Но как будто на той трибуне и почувствовав себя, глазами степняка загорясь, Андрей Иванович уже не по-комнатному:
— Что делать, осмелюсь! Да, настал момент жертвовать, соотечественники! Государство нуждается в вашем хлебе, мужички! В труде ваших рук, сограждане!.. И если у власти станут просвещённые люди, действительно любящие свой народ, — будет та-акой подъём! Рабочие станут к станкам безропотно! Хлеб потечёт — неудержимыми реками! Народ отдаст хлеб, как отдавал детей!..
Надкололся голос. Шингарёв в растроганности должен был отдышаться.

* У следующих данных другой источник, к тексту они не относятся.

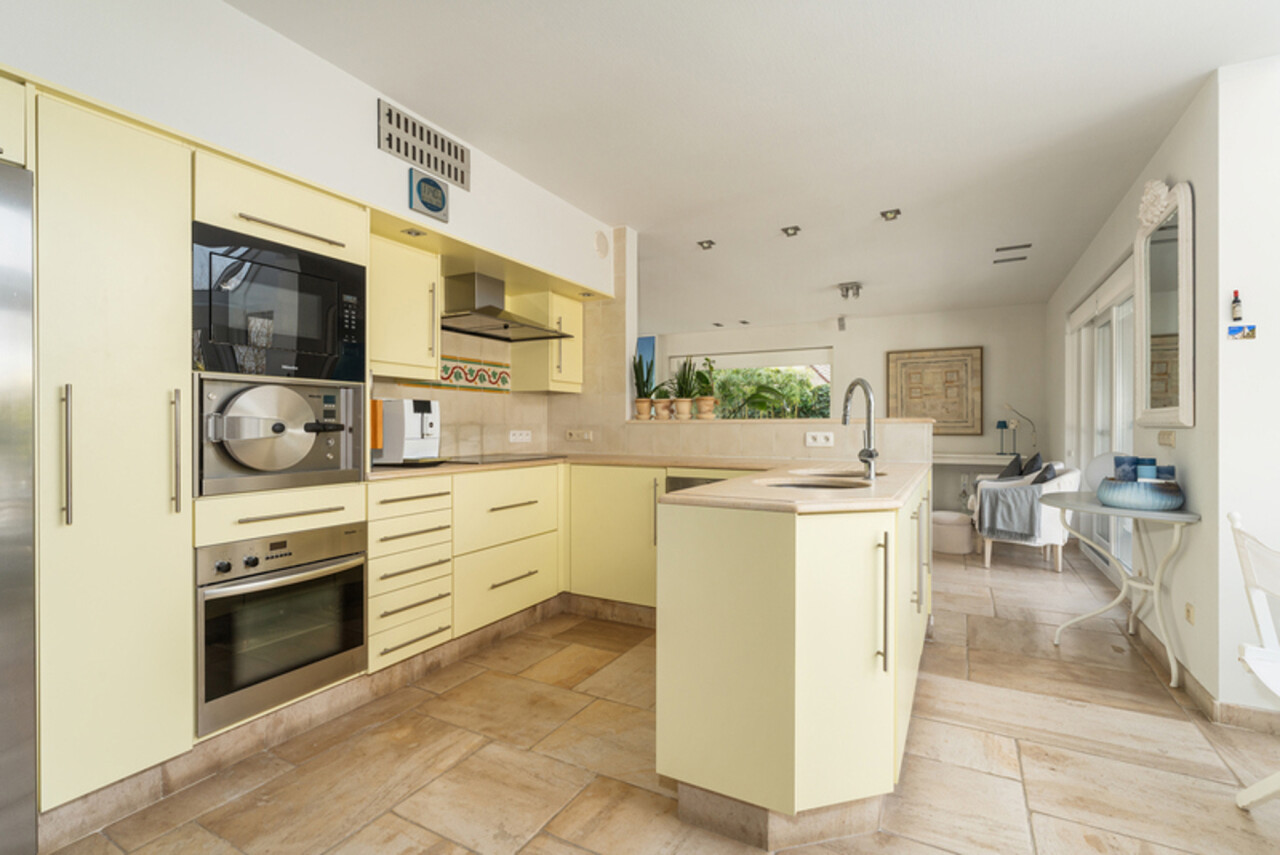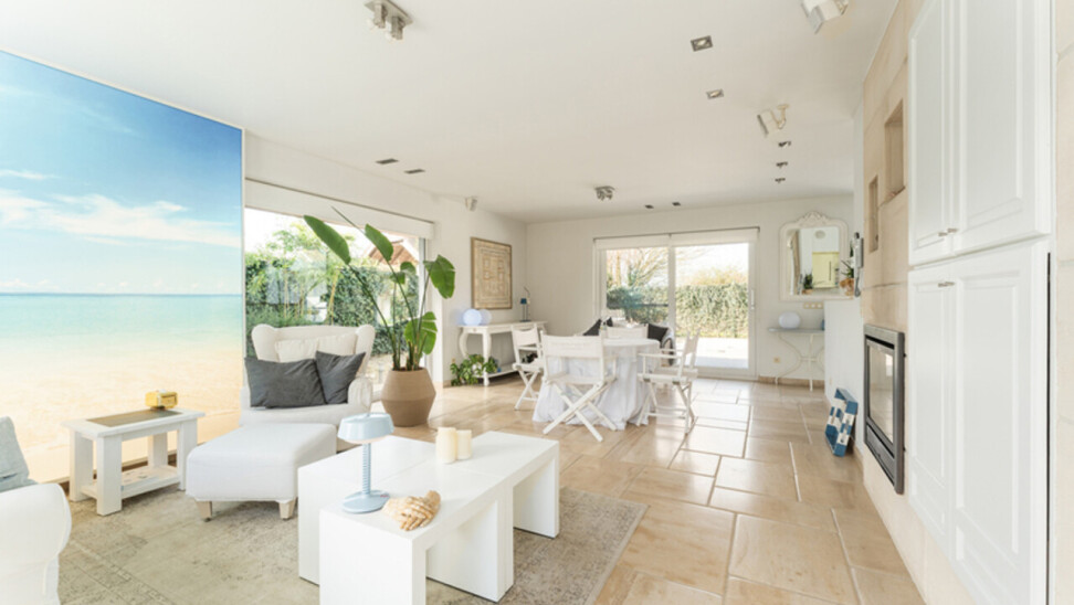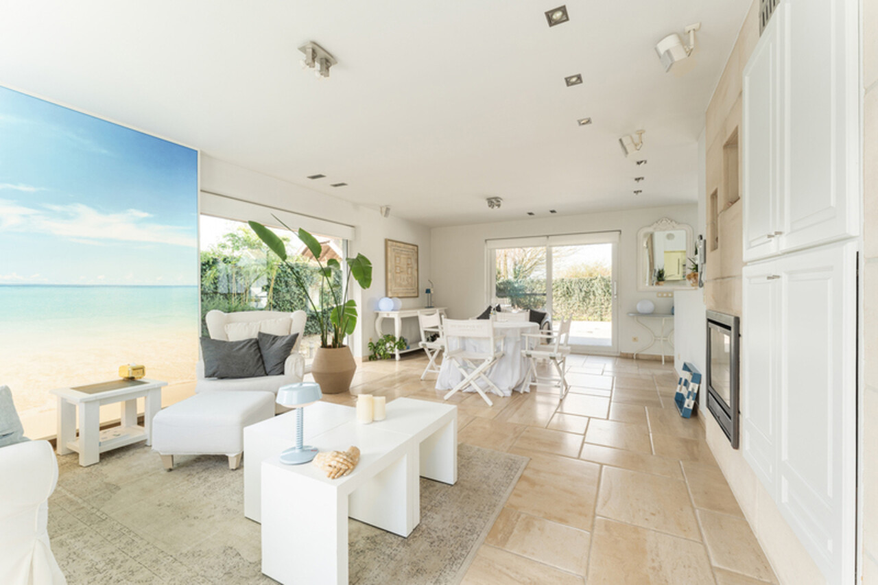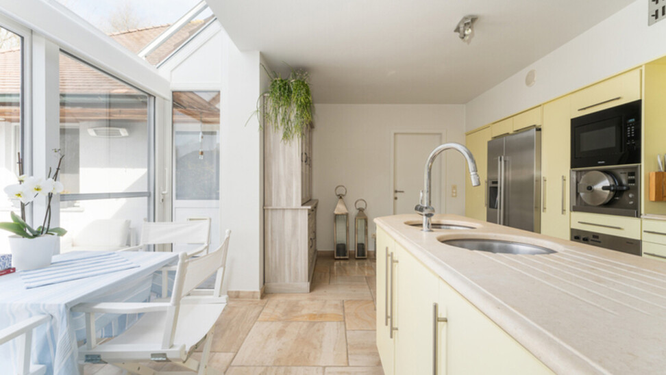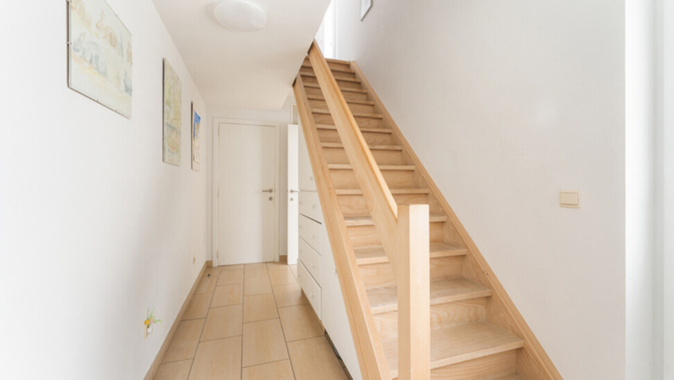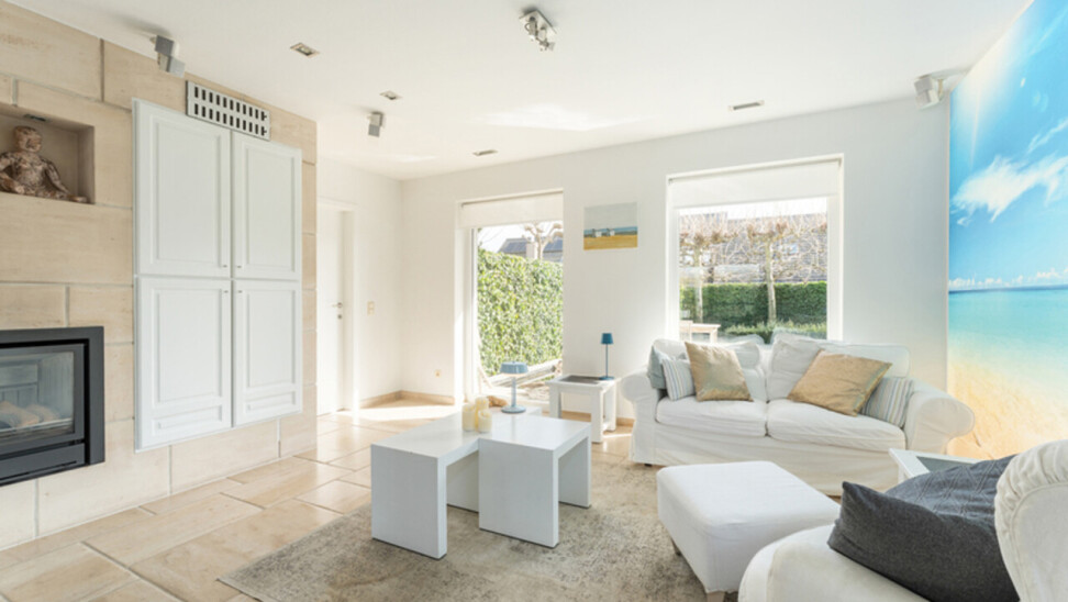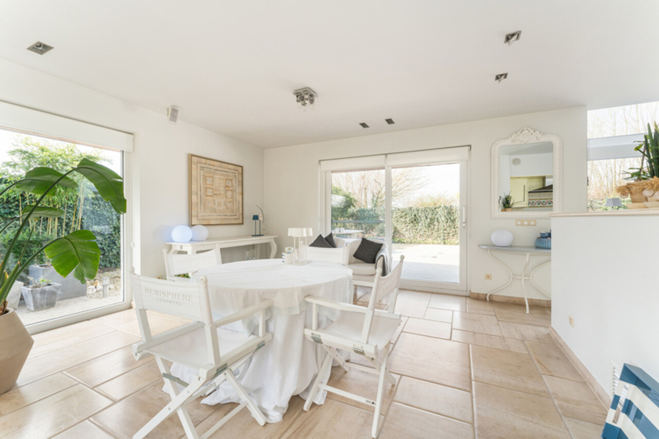 Inkomhal met ingemaakte vestiaire en gastentoilet. De lichtrijke leefruimte vormt het hart van het huis en sluit naadloos aan op de volledig ingerichte open keuken (met vaatwasser, oven, microgolf, stoomoven, keramische kookplaat, Amerikaanse frigo...) met ontbijthoek en een praktische aansluitende berging.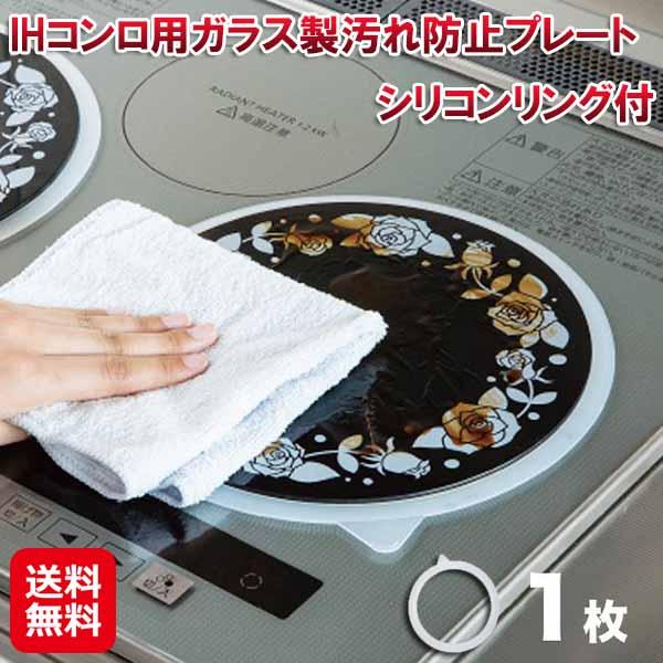 【IHコンロ用ガラス製汚れ防止プレート 1枚 シリコンリング付】【送料無料】

Зашумели во все голоса. Старшая дама с толстыми локотками не ждала ничьего перевеса или мнения, а решительно присудила:
— Ну, разве что при ответственном министерстве, тогда возможна и диктатура! А сейчас правительство нарочно создаёт трудности с продовольствием, чтобы вывести Россию из войны.
Младшая дама с руками тонкими, гибкими, но до запястий скрытыми блузочной тканью, не сробела поправить:
— Нас предупреждали не пользоваться термином “ответственное министерство”: это может нас поставить под удар черносотенной агитации. Надо говорить “министерство народного доверия”.
Блузка у неё была тёмно-зелёная, а по ней — бурые всплески, непонятные.
— Можно говорить: “правительство из доверенных лиц”.
Так это легко выговаривалось, скороговоркою даже, будто такое правительство уже существовало, всем хорошо известно, объявлено наперечёт — и к тому же замечательное и героичное, — а Воротынцев по фронтовой дикости не знал, пропустил? И спросить было неудобно, и места не оставляли для спроса.
Но явна была уверенность, что правительство такое будет желанным, популярным и спасительным. Такому-то, понял Воротынцев, и всё допустимо, а из рук нынешнего правительства и даром не надо!
— Прогрессивный блок уверенно выведет Россию из тупика!
— Да неужели же общественность справится хуже, чем тупые бюрократы! Россией правят тупейшие из тупых!
— И что делать русскому обществу с этим правительством? Просветить дураков? — невозможно. Переубедить дураков? — невозможно! Десятилетиями жить в полной власти дураков, а чуть хочешь протянуть на помощь и свои руки — на тебя шикают: осторожней! все будем в пропасти!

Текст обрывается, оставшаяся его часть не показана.